THE TOPLINE: It has been an eventful and tragic week in the 18-year-old war in Afghanistan.
The Trump administration is racing to finish negotiations with the Taliban that could lead to a U.S. troop withdrawal.
But even as work continues on negotiations, two U.S. troops were killed Wednesday.
The NATO-led mission in Afghanistan announced the deaths, but no further details. Per Department of Defense policy, names are being withheld until 24 hours after next of kin is notified.{mosads}
The U.S. deaths come days after an attack on a wedding in Kabul killed an estimated 80 Afghans and wounded more than 150. The Afghanistan branch of ISIS took responsibility for the attack.

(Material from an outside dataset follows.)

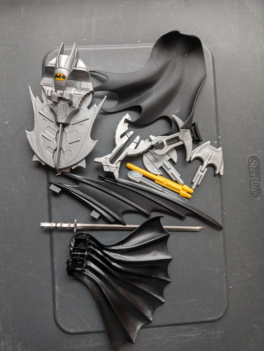 This lot includes various Batman-themed accessories, featuring two black capes and several grey and silver-coloured utility pieces. There's also a yellow accessory that looks like a grappling hook or tool. These are great for customizing action figures or for display purposes!

Peace talks: Top Trump administration national security officials conferred with President Trump at the end of last week on the progress in negotiations with the Taliban.
Days later, Trump’s envoy for the talks, Zalmay Khalilzad, flew back out to Qatar for another round of negotiations with the Taliban.
The same day, Trump played down expectations for reaching a deal, saying of the ongoing talks with the Taliban, “I don’t know whether or not that plan’s going to be acceptable to me.”
He also said Afghanistan is a “dangerous place” and indicated he’s open to leaving a residual force in a place he said “does seem to be the Harvard University of terrorism.”
“We’ll always have intelligence, and we’ll always have somebody there,” he added.
Trump also revived a claim he could win the Afghanistan war “in a week” — this time adding that such a plan would not involve the use of nuclear weapons.
“As I’ve said, and I’ll say it any number of times — and this is not using nuclear — we could win that war in a week if we wanted to fight it, but I’m not looking to kill 10 million people,” Trump said.
The remarks followed similar comments Trump made in July, when he claimed to have a plan that he didn’t want to execute in which “Afghanistan would be wiped off the face of the earth.”
On ISIS: As mentioned above, ISIS’s Afghanistan branch took credit for a devastating attack in Kabul over the weekend.
The attack underscored the difficulty of bringing the war to a close, as it demonstrated the likelihood that violence will continue even if the Taliban agrees to a deal.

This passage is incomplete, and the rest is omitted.